AI showed up because it was useful, and it became a feature of the products that teams created because it brought value to their younger audiences and solved worthy business problems.
Rapid iteration and discussion. Photography by Damon Kiesow, RJI
What comes next
The end of the sprint, of course, isn’t the finish line. Over the next 6 months, the 12 newsrooms will complete a guided implementation phase in which they turn prototypes into minimum viable products, measuring what works and iterating together.
Coaching, peer learning, and sharing lessons are all central to our work in this initiative. That’s the thing about navigating this moment: There’s too much uncertainty to figure it out alone. We can get to the answers faster if we learn together, with structure and support.
That’s what we set out to build with this program.
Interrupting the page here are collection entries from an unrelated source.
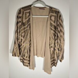 Calypso St. Barth beige gold sequin embroidered chevron silk open cardigan sz L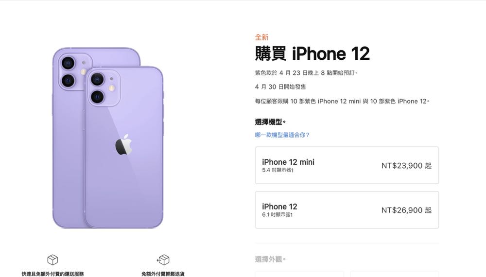 根據台灣 Apple 官網表示,新款的紫色預計 4 月 23 日晚上 8 點開始預訂,4 月 30 日開始發售,每個帳號能夠購買 10 部紫色 iPhone 12 mini 與 10 部紫色 iPhone 12。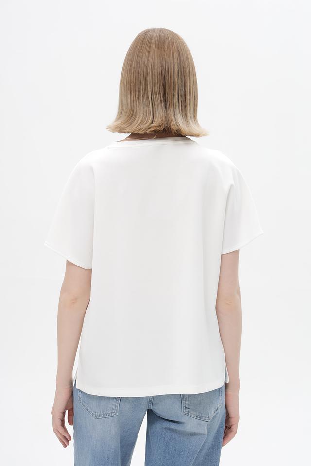 Блуза изготовлена из приятной к телу ткани, сочетающей в себе модал (53%), полиэстер (40%) и эластан (7%). Благодаря такому составу, изделие хорошо держит форму, не мнется и обладает небольшим эффектом эластичности.

By the end, it won’t just be 12 newsrooms with answers. They’ll also create a set of open resources for anyone who, like us, is working on serving the next generation of news audiences.
We want to thank the Reynolds Journalism Institute and the Northwestern University Knight Lab in this process, as well as our coaches and facilitators: Ariel Zirulnick, who guided the teams through the research process, and Drue Thomas, who gracefully worked with them in person to take them from problems to solutions.